Her voice faded into a despairing whisper. After a moment she began speaking again. 'Then a couple of the pictures turned up at an auction house. The police managed to trace the trail right back to the mastermind, and he told them everything. He hadn't long to live and he wanted to "clear his conscience", as he put it. He said Bruce used to laugh about how I trusted him, and how easy I was to delude.'

'Bastardo." Vincenzo said with soft venom.

'Yes,' she agreed, 'but I suppose I should be glad of it, because that story was what cleared me. It meant that. Bruce and I hadn't colluded. My conviction was quashed and I was released.'

She paced a little more before stopping by the window.

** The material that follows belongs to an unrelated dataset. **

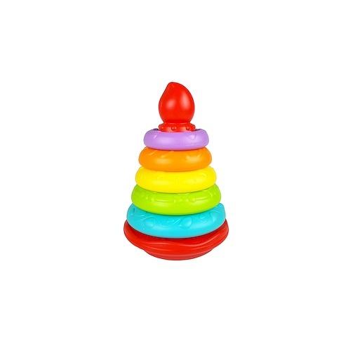 CIASTECZKOWA PIRAMIDKA Ten wielowarstwowy, pysznie wyglądający tort to piramidka z kolorowymi obręczami. Układanie kółeczek na stojaku jest doskonałym ćwiczeniem dla maluszka. Dziecko może obserwować kolory, sortować i układać krążki. Poprzez zabawę, uczy się rozpoznawania kolorów, szeregowania, liczenia, logicznego myślenia oraz rozpoznawania przeciwieństw (duży-mały, na górze -na dole). Ciasteczkowa Piramidka: • 5 kolorowych kółeczek • Każde kółeczko ma inny kolor, wielkość i unikalną strukturę Ciasteczkowa Piramidka pomaga rozwijać umiejętności: • Poznawcze- rozwija samodzielne myślenie • Rozwój fizyczny – rozwijając małą motorykę • Rozwój społeczny – rozwijając kreatywność Specyfikacja: • 000774 • Wiek: 6m+ • EAN: 4895038507746 • Wymiary produktu: szer. 14 cm., wys. 22cm., gł. 14 cm. • Bezpieczeństwo: EN71-1, EN71-2, ENT1-3 • Importer: Anek dla Dzieci
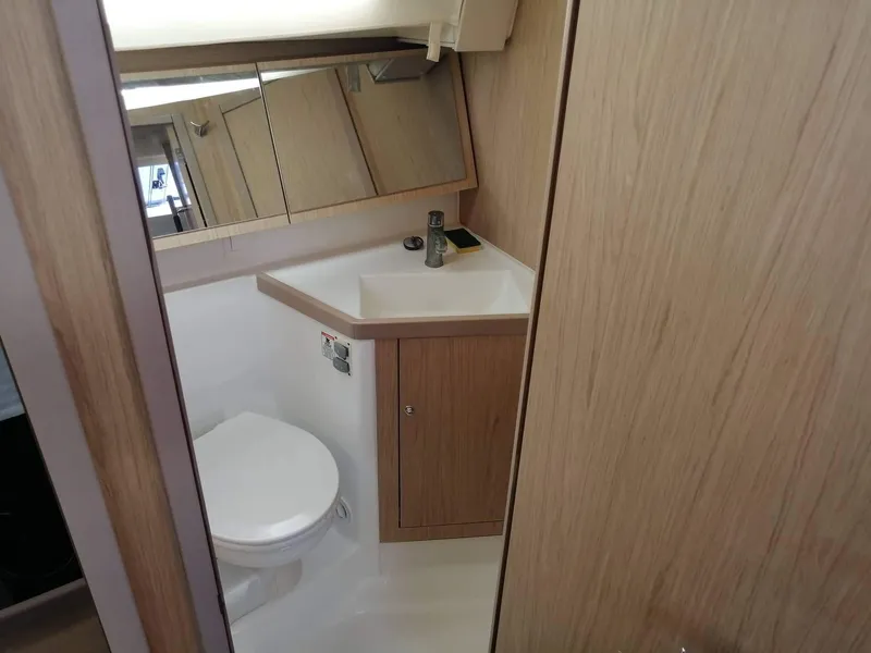 With its double door, bed head facing forward and the choice of an ensuite bathroom, the master cabin is unquestionably the most attractive feature of the Oceanis 41.1. The master cabin has a single door because of the en-suite bathroom.

'My lawyer's fighting for compensation, but my only use for money is to pay for a proper search for Bruce, if I haven't found him by then.'

'Aren't the police looking for him?' Vincenzo suggested.

'Not as hard as I am. To them he's just another wanted man. To me he's an enemy.'

'Yes, I see,' Vincenzo said, almost to himself.

Her voice mounted in urgency.

'He wrecked my life, left me to rot in prison and took my child. I want my daughter back, and I don't care what else happens.'

'Have you no family to help you?' Piero asked

My mother died of a broken heart while I was in prison.She left me a very little money, just enough to come here and start searching for Bruce '

'So you came to Venice to find his relatives?' Piero asked.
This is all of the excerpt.